Task description —
All lines from the one containing "音樂課上,普通的塑料杯變成了" through the last line of the listing should be given again exactly, with no pictures.

Entries shown —
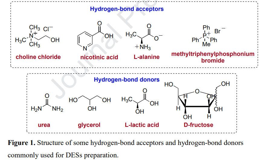 From a thermodynamic perspective, the term "deep" in deep eutectic solvents (DESs) should technically apply only to mixtures with an eutectic point significantly lower than that of an ideal liquid mixture. DESs are typically binary or ternary systems consisting of a hydrogen bond donor and a hydrogen bond acceptor, which form strong hydrogen bonds that reduce the lattice energy and lower the melting point. Some DESs don't have a distinct melting point, showing glass transitions instead, and are referred to as low-transition-temperature mixtures (LTTMs). DESs are often compared to ionic liquids (ILs) due to similar properties, like low vapor pressure, high thermal stability, non-flammability, and conductivity. However, DESs are more environmentally friendly, as their components—such as choline chloride, urea, and glycerol—are renewable, biodegradable, and low in toxicity. From a thermodynamic perspective, the term "deep" in deep eutectic solvents (DESs) should technically apply only to mixtures with an eutectic point significantly lower than that of an ideal liquid mixture. DESs are typically binary or ternary systems consisting of a hydrogen bond donor and a hydrogen bond acceptor, which form strong hydrogen bonds that reduce the lattice energy and lower the melting point. Some DESs don't have a distinct melting point, showing glass transitions instead, and are referred to as low-transition-temperature mixtures (LTTMs). DESs include eutectic mixtures of Lewis or Brønsted acids and bases, which can contain various ionic species. DESs are often compared to ionic liquids (ILs) due to similar properties, like low vapor pressure, high thermal stability, non-flammability, and conductivity. However, DESs are more environmentally friendly, as their components—such as choline chloride, urea, and glycerol—are renewable, biodegradable, and low in toxicity. DESs are increasingly replacing volatile organic compounds (VOCs) due to their low ecological impact, cost-effectiveness, customizable properties, and ease of preparation. However, the exact structure of DESs in their liquid state is still not well understood. Hydrophilic DESs, in particular, are notable for their strong hydrogen-bonding networks and the role water plays in modifying their structure and interactions with biological macromolecules like proteins and nucleic acids. Initially studied for metal electrodeposition and extraction processes, DESs have gained attention in areas such as solar energy, photosynthesis, and electrochemistry.
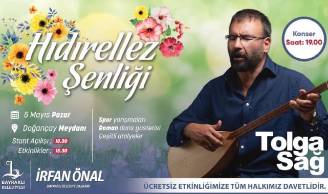 Bayraklı Belediyesi, baharın habercisi Hıdırellez’i Doğançay’da düzenlenecek şenlikle kutlayacak. 5 Mayıs'ta gerçekleştirilecek etkinlik; spor müsabakaları, müzikli gösteriler, şovlar ve danslarla renklenecek. Etkinliğin finalinde ise sazıyla, türküleriyle ünlü sanatçı Tolga Sağ sahne alacak. Başkan İrfan Önal, “Tüm İzmirlileri Hıdırellez Şenliğimize bekliyoruz. Bu coşkuyu hep birlikte yaşayalım” dedi.
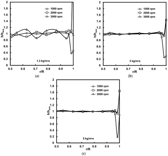 Radial distribution of film thickness: 32 mm disc diameter. (a) 1.3 kg/m⋅s, (b) 3 kg/m⋅s, (c) 5 kg/m⋅s.
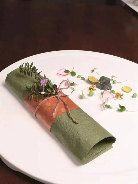 取鹿肉200克(拣掉多余料头)放入锡纸,表面撒少许白芝麻点缀,包紧收口后裹上外层的包装纸,按图装盘即成。
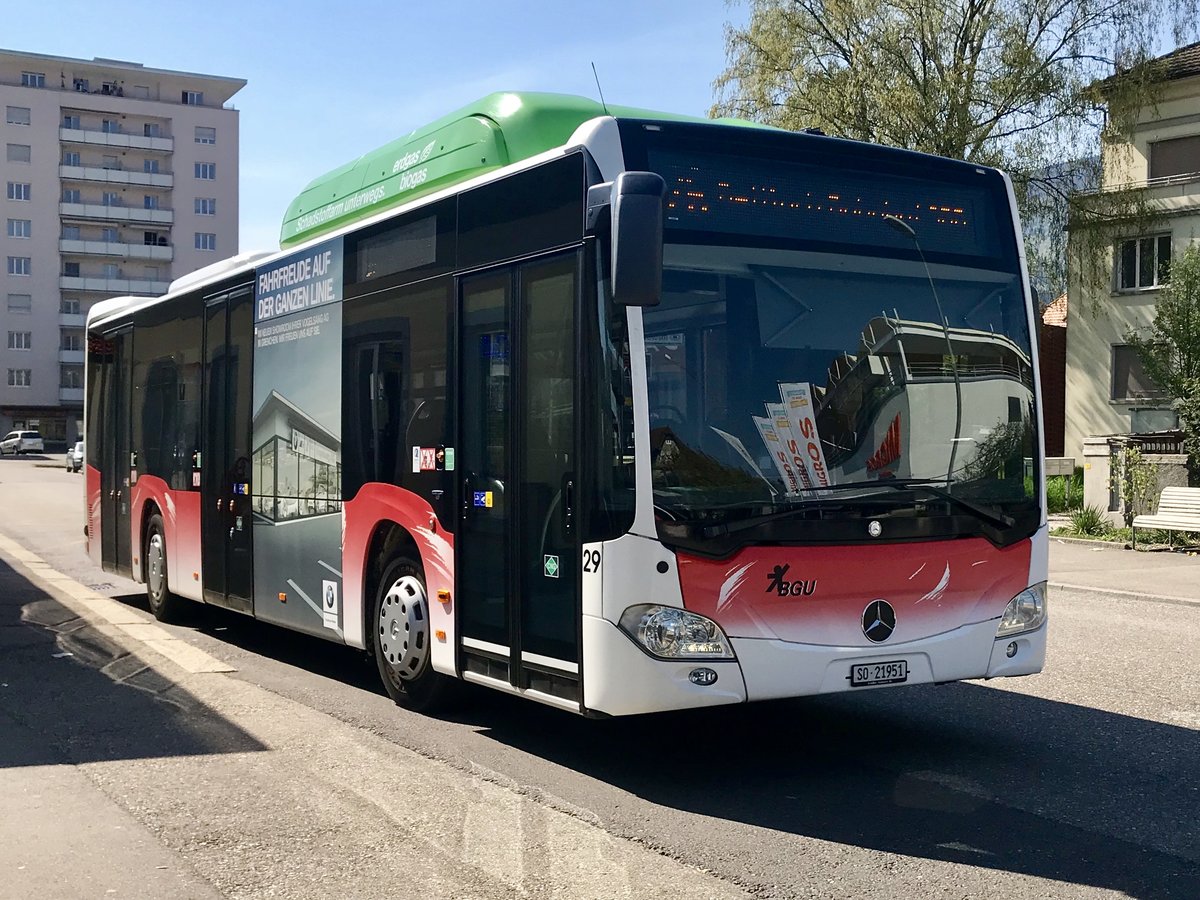 Der BGU Mercedes Citaro der 2. Generation Nr. 29 steht am 21.4.18 beim Bhf Grenchen Süd.
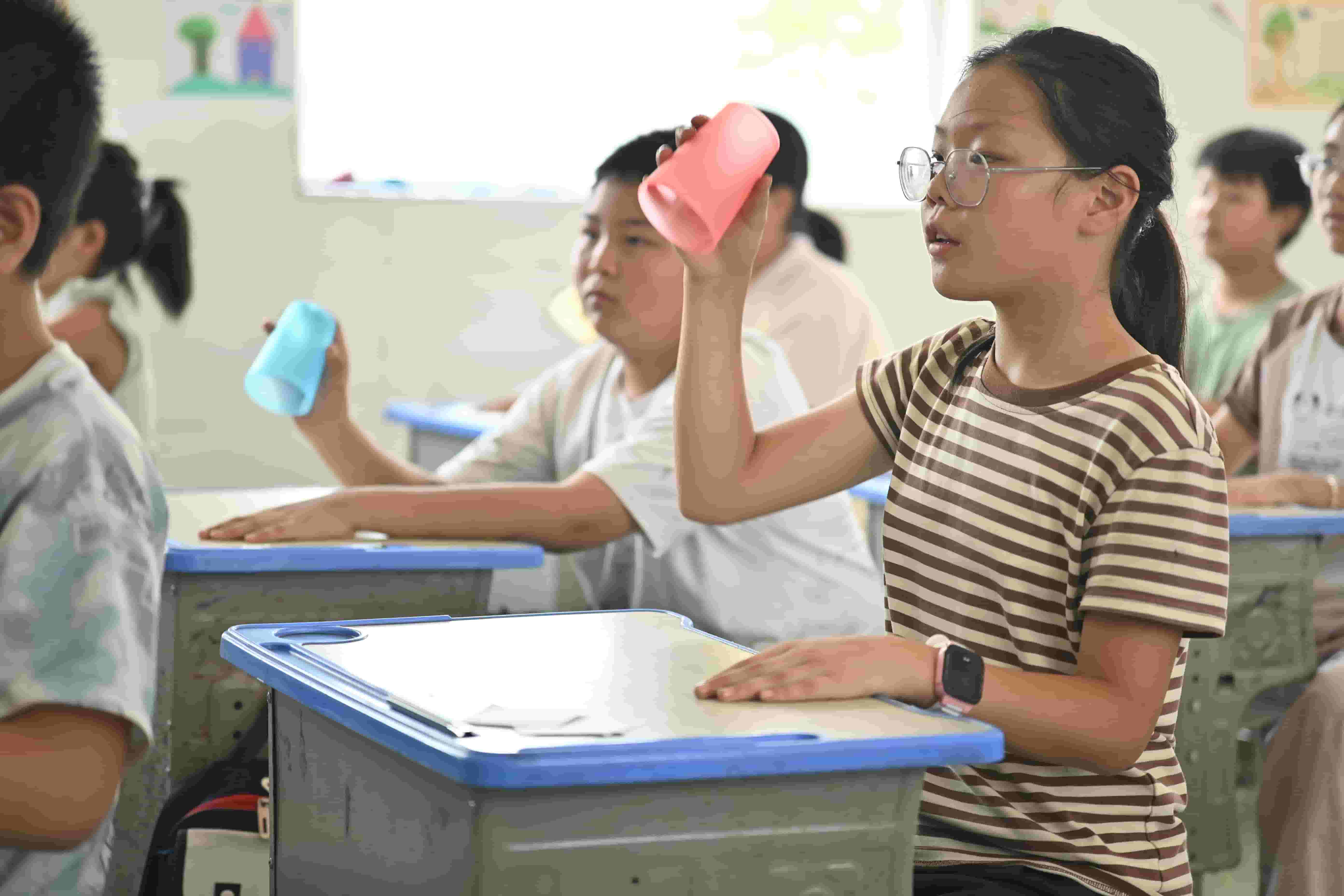 音樂課上,普通的塑料杯變成了“魔法樂器”。在隊員張詩涵的帶領(lǐng)下,孩子們跟著節(jié)奏練習敲擊、翻轉(zhuǎn)、鼓掌。起初教室里“乒乒乓乓”一片雜亂,杯子還總調(diào)皮“逃跑”,但孩子們緊盯老師手勢,反復磨合。很快,“噠——噠噠——啪!”的節(jié)奏從零散變得統(tǒng)一,塑料杯在桌面與掌心間跳躍旋轉(zhuǎn),碰撞出清脆韻律,整個教室沉浸在節(jié)奏狂歡中,笑聲與節(jié)拍交織成最動人的樂章。
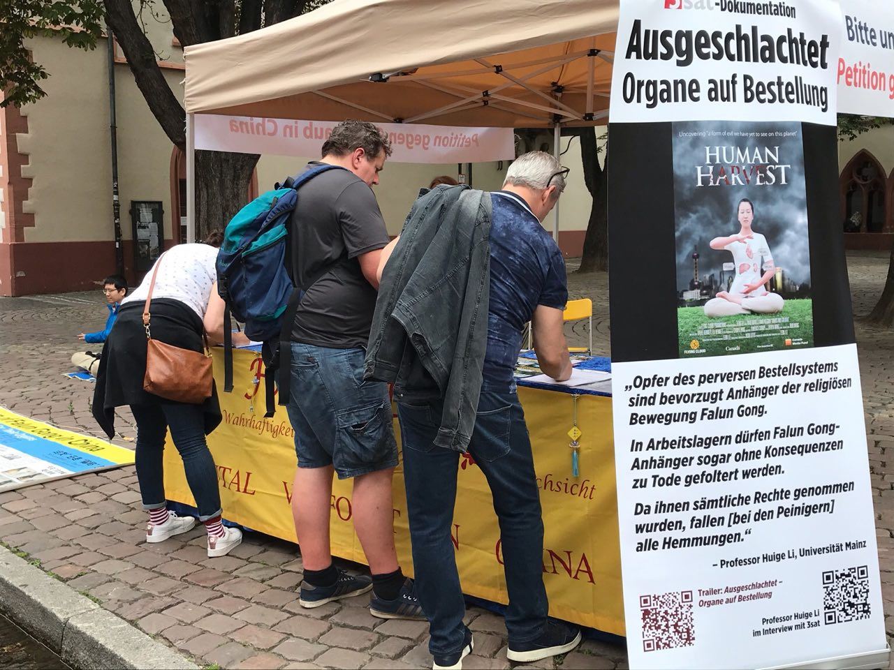 弗赖堡(Freiburg)位于德国西南端黑森林边缘,靠近瑞士,与法国相邻。法轮功学员的信息日设在市政厅广场(Rathausplatz)上,德国民众看到有关中共活体摘取法轮功学员器官的真相后,纷纷到信息台签名,声援法轮功学员反迫害。

Solution to this task —
 音樂課上,普通的塑料杯變成了“魔法樂器”。在隊員張詩涵的帶領(lǐng)下,孩子們跟著節(jié)奏練習敲擊、翻轉(zhuǎn)、鼓掌。起初教室里“乒乒乓乓”一片雜亂,杯子還總調(diào)皮“逃跑”,但孩子們緊盯老師手勢,反復磨合。很快,“噠——噠噠——啪!”的節(jié)奏從零散變得統(tǒng)一,塑料杯在桌面與掌心間跳躍旋轉(zhuǎn),碰撞出清脆韻律,整個教室沉浸在節(jié)奏狂歡中,笑聲與節(jié)拍交織成最動人的樂章。
 弗赖堡(Freiburg)位于德国西南端黑森林边缘,靠近瑞士,与法国相邻。法轮功学员的信息日设在市政厅广场(Rathausplatz)上,德国民众看到有关中共活体摘取法轮功学员器官的真相后,纷纷到信息台签名,声援法轮功学员反迫害。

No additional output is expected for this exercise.